= Dimitry Vasiliev =

Russian politician and bureaucrat

Dimitry Vasiliev is a Russian politician and bureaucrat who was involved in the privatization of the Russian Economy in the 1990s.

==Background==
Prior to his involvement in the privatization of Russia's economy, Vasiliev was a scholar-in-residence and co-chair of the Corruption and State Reform Program at the Carnegie Moscow Center.

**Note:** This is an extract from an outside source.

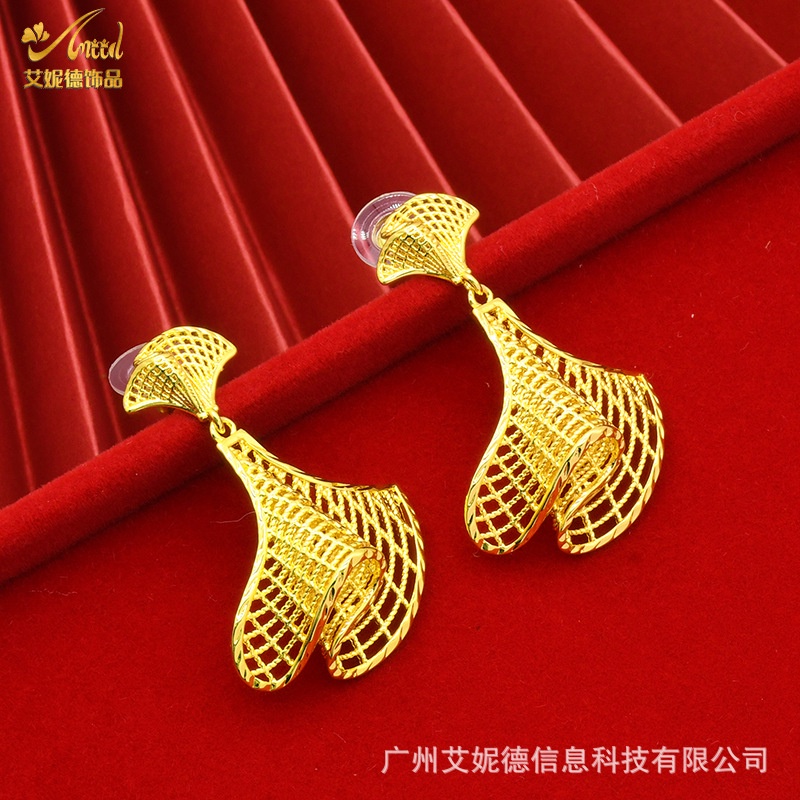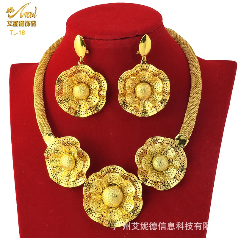 Vietnam sand gold women's suit brass gold-plated flower necklace earrings hollow-out carved jewelry
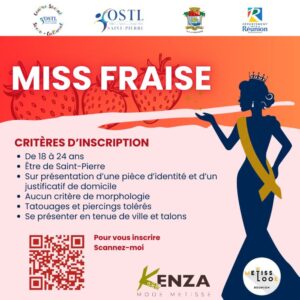Condition : Être de Saint-Pierre … qui en dehors de Monvert-Les-Hauts ne produit pas de fraises. C’est étrange, non ? Comme si la fraise des miss du Tampon, de Petite-île, de l’Entre-deux ou de Saint-Joseph n’était pas digne d’un concours.

==Involvement in privatization of Russian economy==
Vasiliev was heavily involved in the reconstruction of the Russian economy after the communist party lost power 1991. Vasiliev held many positions within the bureaucracy created during this time. He was the deputy chairman of the Federal Agency for State Property Management and the Russian Privatization Center's board of directors. He was also the first Chairman of Russia's Federal Commission of Securities Market (FCSM) as well as the executive director from 1996 to 1999. At FCSM he blocked Sidanco, a Siberian oil company, from diluting its shares in response to a complaint by American investment manager Bill Browder.

He was also an important figure in the First Russian Specialized Depository, The Harvard Institute for International Development, and the Gore-Chernomyrdin Commission.

Vasiliev actively campaigned for the rights of investors in Russia during this period. After participating in the creation of the FCSM, he steered its activities toward upholding investor interests. Vasiliev's activities may have been motivated at least in part by self-interest as he also held a role during this time as the deputy chair of CROC Incorporated, a leading Russian information technology service provider.

==Current occupation==
Today, Dmitry Vasiliev is serving as the co-founder and executive director of the Institute of Corporate Law and Corporate Governance, which was created in June 2000. He previously served on the Board of Governors, the highest collective management body. He is also the General Director of Trans-Siberian Gold Management.